農地法について
はじめに
農地法は、昭和27年に制定された法律です。それよりさらに6年前の昭和21年に制定された「自作農創設特別措置法」に基づき、GHQの主導の元で農地改革が行われ、大地主から強制的に買い上げた農地を小作人に分配しました。 昭和25年現在174万町歩の農地が買収され、所管換え農地を含む193万町歩の農地が解放されました。 ところが、この農地改革により、時代が進むにつれて日本の農業生産力を弱める遠因となっております。 農地法の目的は、「農地耕作者が農地を所有することがもっとも適当である」ことを認め、「耕作者の農地取得の促進」を基本的な考え方としてきました。 ところが、農地改革の結果、大地主が減少して農地所有者が大幅に増加したため、大規模な農業経営が難しくなり、日本の農業は世界的にも不利な状況に置かれているのが現状です。

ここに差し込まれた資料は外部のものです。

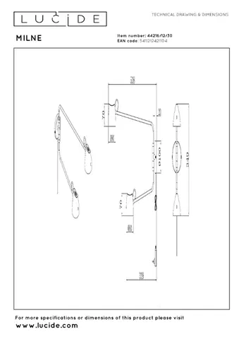 Milne er en moderne vegglampe som kombinerer minimalistisk design med smart funksjonalitet. Med sitt slanke metallstativ og to buede lampeskjermer utstråler Milne en dynamisk og futuristisk estetikk - perfekt for deg som ønsker en stilren og fleksibel belysningsløsning.
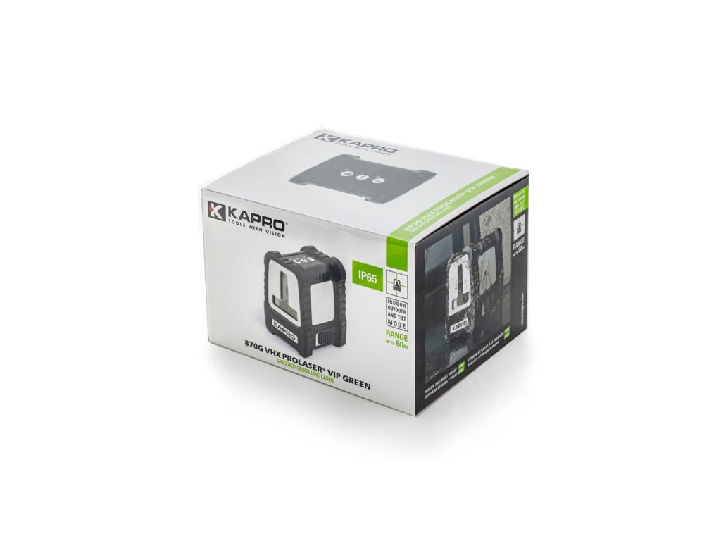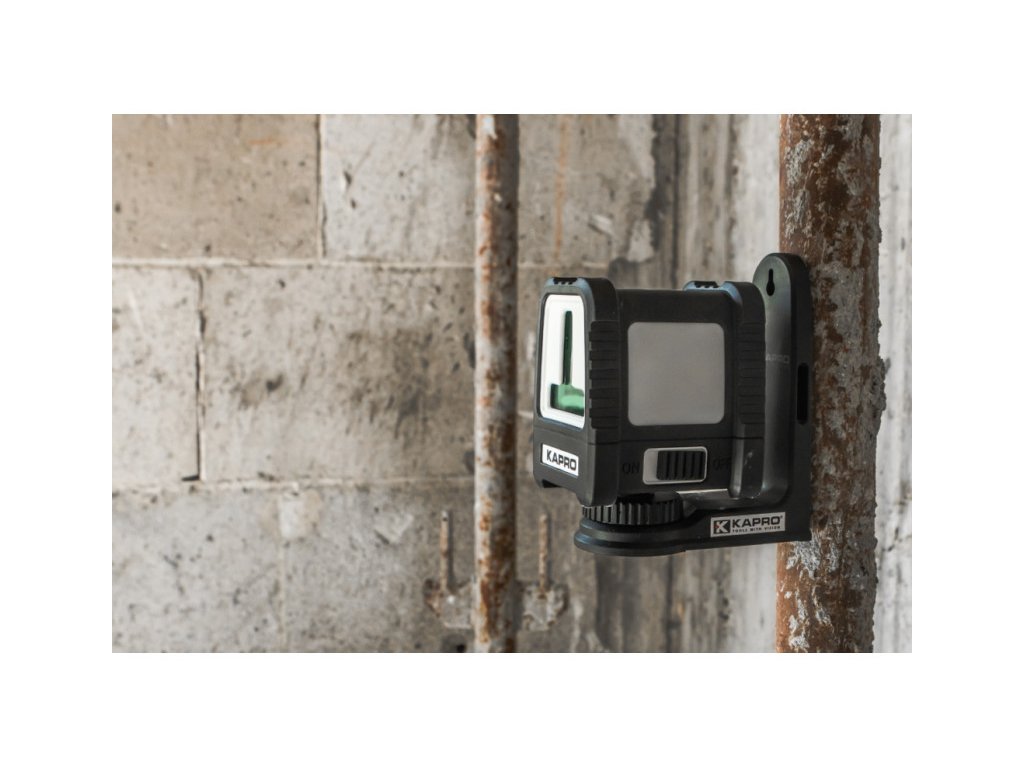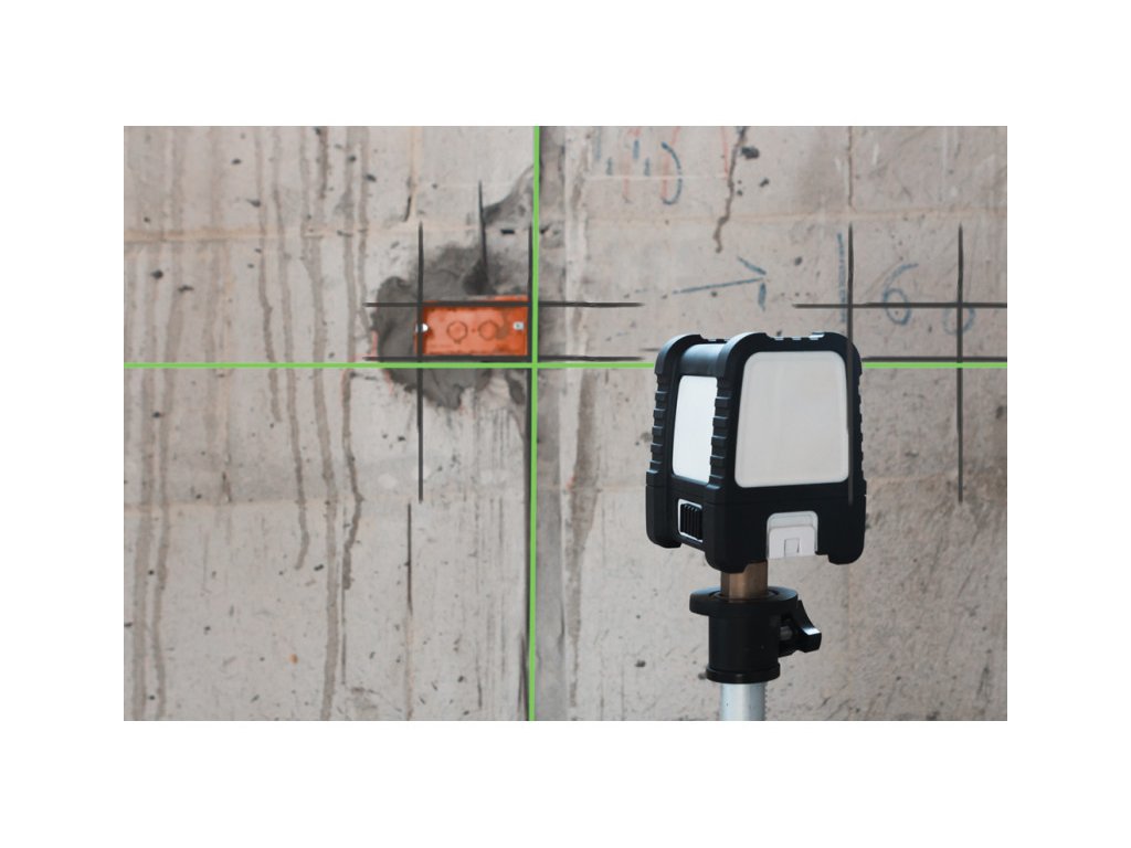Szabadon álló keresztlézer zöld sugarakkal beltéri és kültéri használatra - a zöld sugár előnye elsősorban a nyaláb hosszabb hatótávolsága és a lényegesen jobb leolvashatóság még lézerszemüveg használata nélkül is

また、担い手不足の問題、休農地や耕作放棄地の増加も深刻となっております。 よって、農地法は大きくその目的を変えつつあります。 平成21年12月施行の新農地法では、「農地転用規制の強化」と「農地を効率的に利用する耕作者の新規農業参入の促進」を2本柱とし、大幅に改正されました。 また、平成27年の改正では、農地を取得できる「農業生産法人」の要件を大幅に緩和し、「農地所有適格法人」と名称も改めています。
農地法の目的
農地法では、まず「農地等の権利移動の制限」「農地転用の制限」を規定しております。 これは農地法の考え方のひとつである「耕作者が農地を所有することが最も適当」という理念を具体化したものです。 本来、農地も私有財産であるので、私人間の権利移動や転用は自由であるはずですが、日本国憲法では、第29条第2項に「財産権の内容は、公共の福祉に適合するように、法律でこれを定める」とあり、「公共の福祉」に反する権利の行使は制限され、農地法に定める上記制限は、「国力の根源である」農業を守ること、農業に携わる農業従事者の生活等を守ることが目的であるから、「公共の福祉」に合致します。※農地法の主な内容
1.権利移動の場合は、農業委員会または知事等の許可を要する。
2.農地転用の場合は、知事、または農林水産大臣の許可を要する。
3.無許可の場合、権利移転・権利設定等は無効。
4.農業委員会が農地の利用状況を調査。
5.遊休農地すべてに対し、農地利用確保のため、必要な措置を講じることが可能。
(参考)日本国憲法 第29条
1.財産権は、これを侵してはならない。
2.財産権の内容は、公共の福祉に適合するやうに、法律でこれを定める。
3.私有財産は、正当な補償の下に、これを公共のために用ひることができる。